• _Brief_: Would you repeat word for word the lines of the listing that follows, from the one with "<p>Virginia Beach, Virginia." up to and including the one with "11月21日,隔夜鄭棉下跌,今日早盤(p", and leave out the images?

***** Data under study

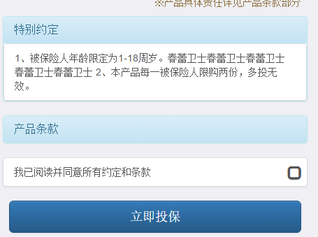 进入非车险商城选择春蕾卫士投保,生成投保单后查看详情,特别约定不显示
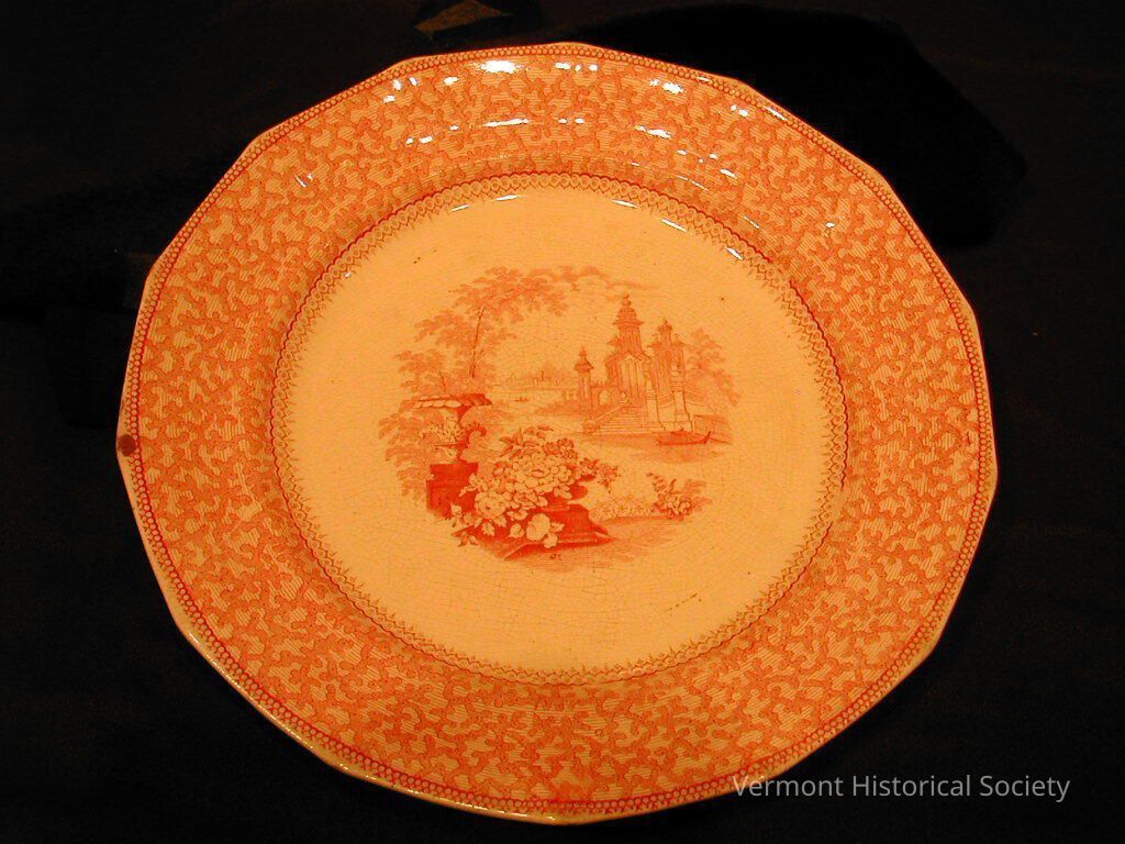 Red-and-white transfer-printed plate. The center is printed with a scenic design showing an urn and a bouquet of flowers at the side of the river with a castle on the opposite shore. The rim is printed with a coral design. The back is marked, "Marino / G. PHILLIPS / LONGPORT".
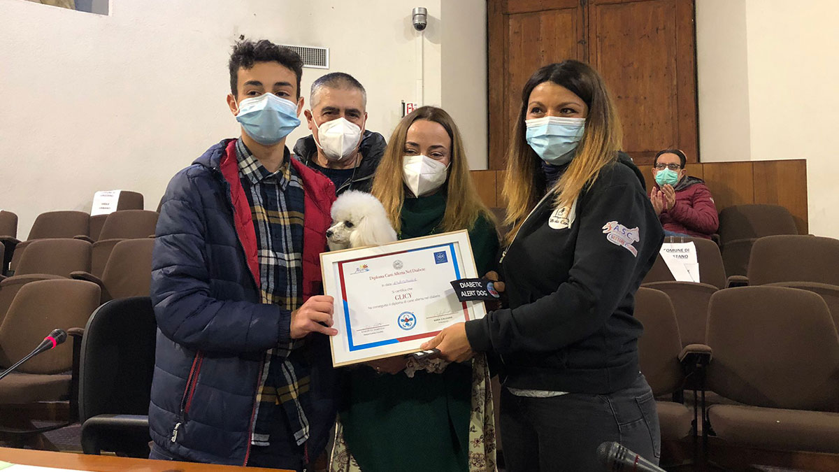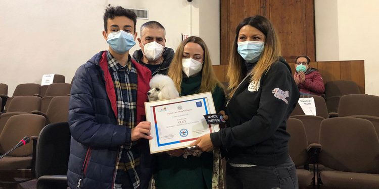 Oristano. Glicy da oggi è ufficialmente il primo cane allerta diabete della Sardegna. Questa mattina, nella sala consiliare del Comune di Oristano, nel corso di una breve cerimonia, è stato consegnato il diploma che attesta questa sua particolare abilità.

**********
***** Data under study

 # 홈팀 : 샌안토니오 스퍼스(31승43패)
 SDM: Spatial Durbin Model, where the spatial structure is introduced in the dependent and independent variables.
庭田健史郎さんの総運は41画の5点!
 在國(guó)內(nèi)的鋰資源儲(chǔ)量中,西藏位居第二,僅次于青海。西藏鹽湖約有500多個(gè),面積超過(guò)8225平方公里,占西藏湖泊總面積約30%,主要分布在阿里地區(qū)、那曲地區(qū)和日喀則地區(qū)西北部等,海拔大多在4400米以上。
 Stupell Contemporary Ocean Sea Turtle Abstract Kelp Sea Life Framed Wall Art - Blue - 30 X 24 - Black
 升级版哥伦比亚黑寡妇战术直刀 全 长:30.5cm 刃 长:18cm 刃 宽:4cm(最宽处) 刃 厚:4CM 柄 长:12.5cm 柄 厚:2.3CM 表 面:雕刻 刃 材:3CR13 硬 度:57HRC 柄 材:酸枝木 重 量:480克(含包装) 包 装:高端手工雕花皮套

**********
***** Data under study

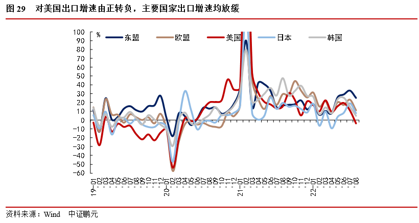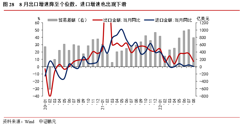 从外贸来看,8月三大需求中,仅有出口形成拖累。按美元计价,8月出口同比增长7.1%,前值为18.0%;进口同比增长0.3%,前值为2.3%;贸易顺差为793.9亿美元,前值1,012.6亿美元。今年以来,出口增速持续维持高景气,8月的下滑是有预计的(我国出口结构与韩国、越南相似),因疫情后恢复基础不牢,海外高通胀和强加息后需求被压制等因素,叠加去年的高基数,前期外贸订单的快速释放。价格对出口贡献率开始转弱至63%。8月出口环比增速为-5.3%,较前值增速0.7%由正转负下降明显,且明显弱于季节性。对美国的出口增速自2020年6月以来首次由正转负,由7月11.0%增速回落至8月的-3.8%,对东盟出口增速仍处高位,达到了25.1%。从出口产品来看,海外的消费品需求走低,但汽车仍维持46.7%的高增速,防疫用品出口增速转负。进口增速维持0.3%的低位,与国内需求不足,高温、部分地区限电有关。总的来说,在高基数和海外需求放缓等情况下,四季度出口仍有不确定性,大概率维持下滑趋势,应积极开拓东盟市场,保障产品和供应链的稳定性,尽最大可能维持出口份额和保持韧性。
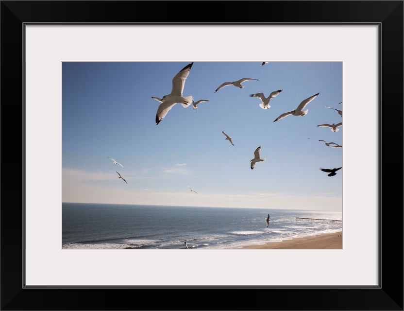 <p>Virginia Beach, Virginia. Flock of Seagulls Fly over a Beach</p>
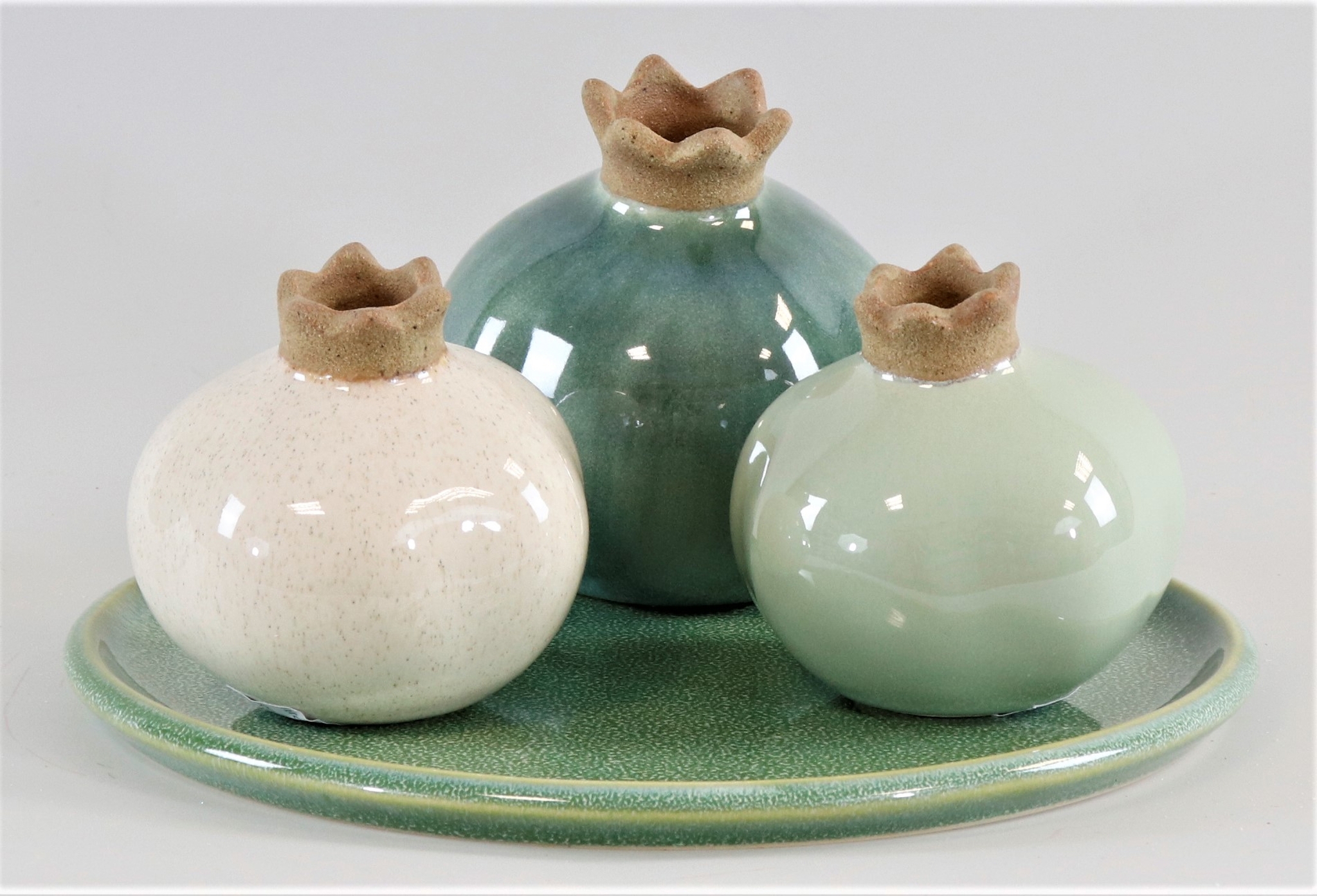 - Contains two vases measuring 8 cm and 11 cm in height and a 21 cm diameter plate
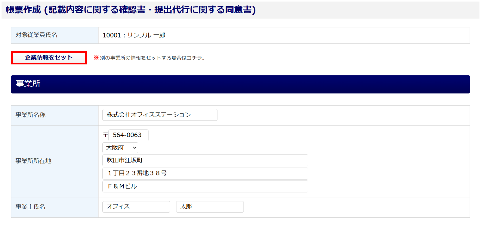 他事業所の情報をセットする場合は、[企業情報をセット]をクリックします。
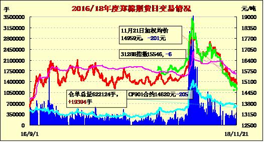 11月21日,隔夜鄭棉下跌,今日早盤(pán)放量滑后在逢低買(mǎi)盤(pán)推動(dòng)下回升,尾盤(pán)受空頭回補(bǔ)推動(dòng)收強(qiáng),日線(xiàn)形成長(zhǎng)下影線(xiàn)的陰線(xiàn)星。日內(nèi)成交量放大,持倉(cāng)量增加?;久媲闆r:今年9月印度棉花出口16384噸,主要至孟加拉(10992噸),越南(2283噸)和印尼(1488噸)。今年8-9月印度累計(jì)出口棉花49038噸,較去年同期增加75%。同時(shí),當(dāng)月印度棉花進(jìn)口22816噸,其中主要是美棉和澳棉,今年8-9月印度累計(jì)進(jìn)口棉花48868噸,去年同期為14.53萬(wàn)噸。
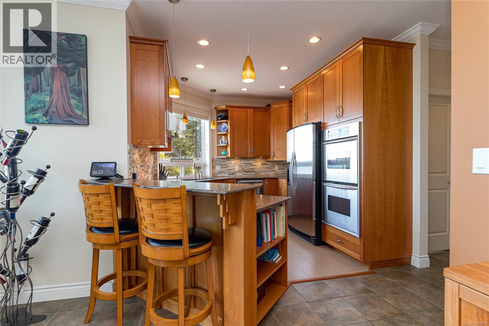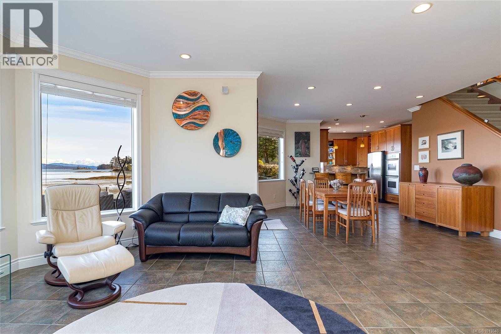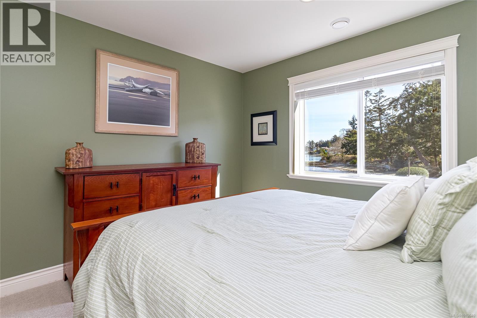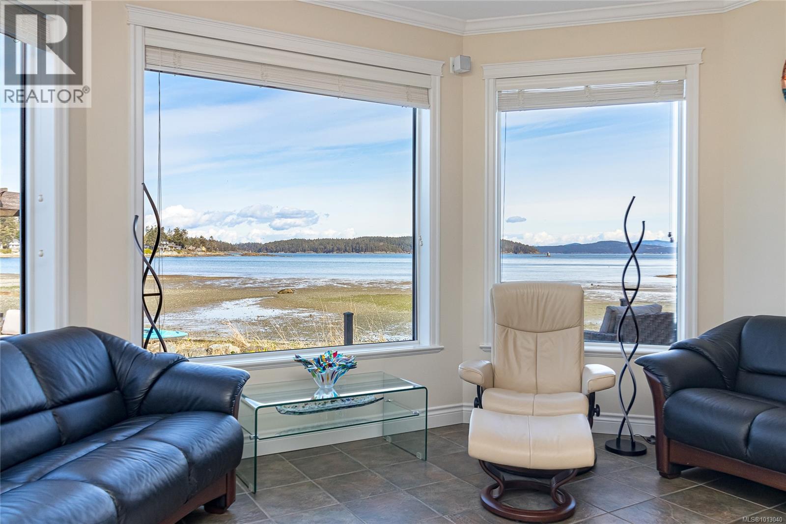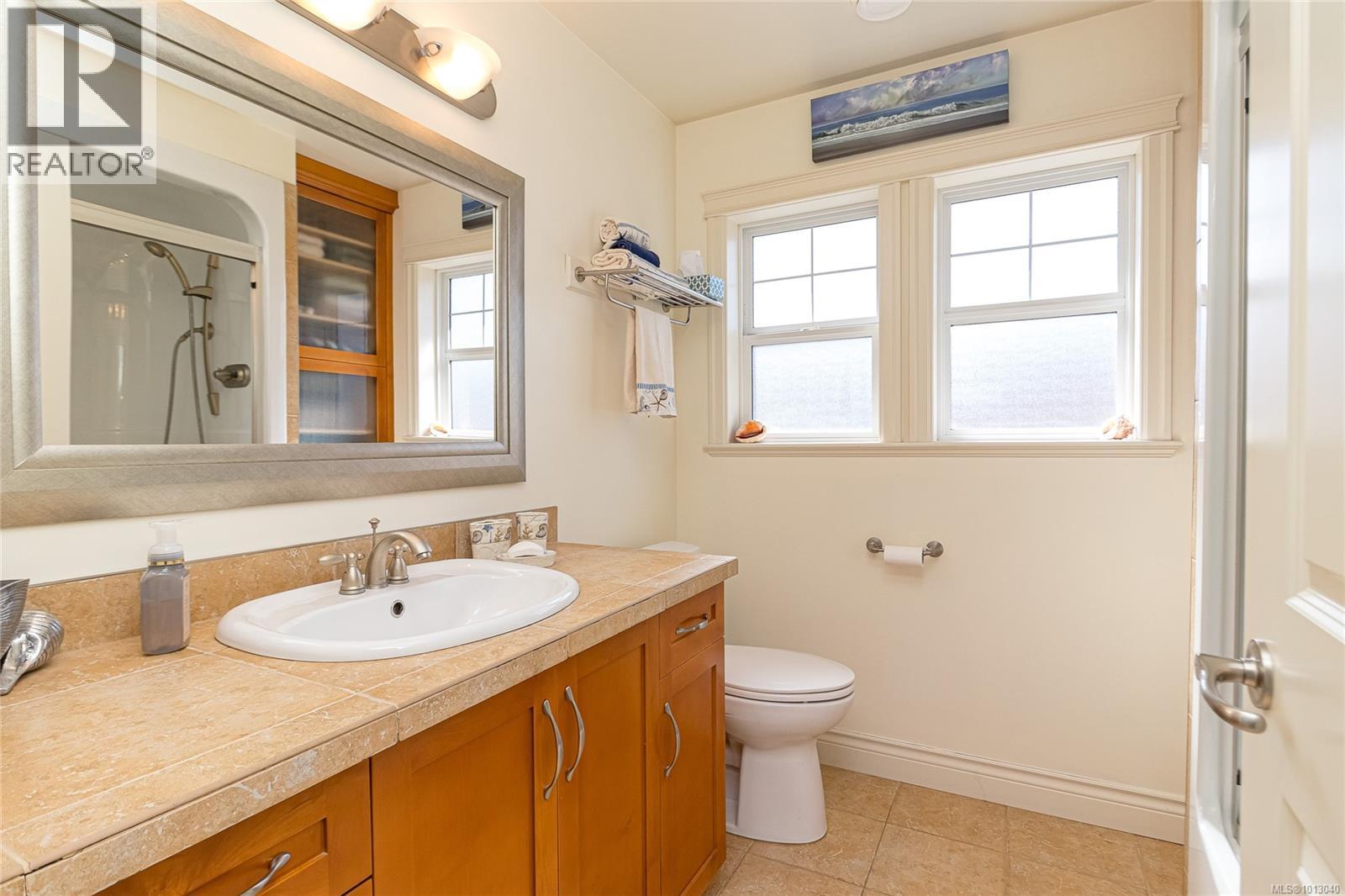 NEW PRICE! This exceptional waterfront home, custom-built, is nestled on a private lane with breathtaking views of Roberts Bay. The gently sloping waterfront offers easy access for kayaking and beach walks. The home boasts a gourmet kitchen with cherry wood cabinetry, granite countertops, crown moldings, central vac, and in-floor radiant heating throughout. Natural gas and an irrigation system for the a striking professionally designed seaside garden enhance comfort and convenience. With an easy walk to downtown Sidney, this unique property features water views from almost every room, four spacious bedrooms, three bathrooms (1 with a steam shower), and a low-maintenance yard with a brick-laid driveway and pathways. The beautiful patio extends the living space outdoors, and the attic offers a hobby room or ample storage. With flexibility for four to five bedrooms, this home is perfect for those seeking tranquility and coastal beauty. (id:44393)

**********

• _Result of the task_:
 <p>Virginia Beach, Virginia. Flock of Seagulls Fly over a Beach</p>
 - Contains two vases measuring 8 cm and 11 cm in height and a 21 cm diameter plate
 他事業所の情報をセットする場合は、[企業情報をセット]をクリックします。
 11月21日,隔夜鄭棉下跌,今日早盤(pán)放量滑后在逢低買(mǎi)盤(pán)推動(dòng)下回升,尾盤(pán)受空頭回補(bǔ)推動(dòng)收強(qiáng),日線(xiàn)形成長(zhǎng)下影線(xiàn)的陰線(xiàn)星。日內(nèi)成交量放大,持倉(cāng)量增加?;久媲闆r:今年9月印度棉花出口16384噸,主要至孟加拉(10992噸),越南(2283噸)和印尼(1488噸)。今年8-9月印度累計(jì)出口棉花49038噸,較去年同期增加75%。同時(shí),當(dāng)月印度棉花進(jìn)口22816噸,其中主要是美棉和澳棉,今年8-9月印度累計(jì)進(jìn)口棉花48868噸,去年同期為14.53萬(wàn)噸。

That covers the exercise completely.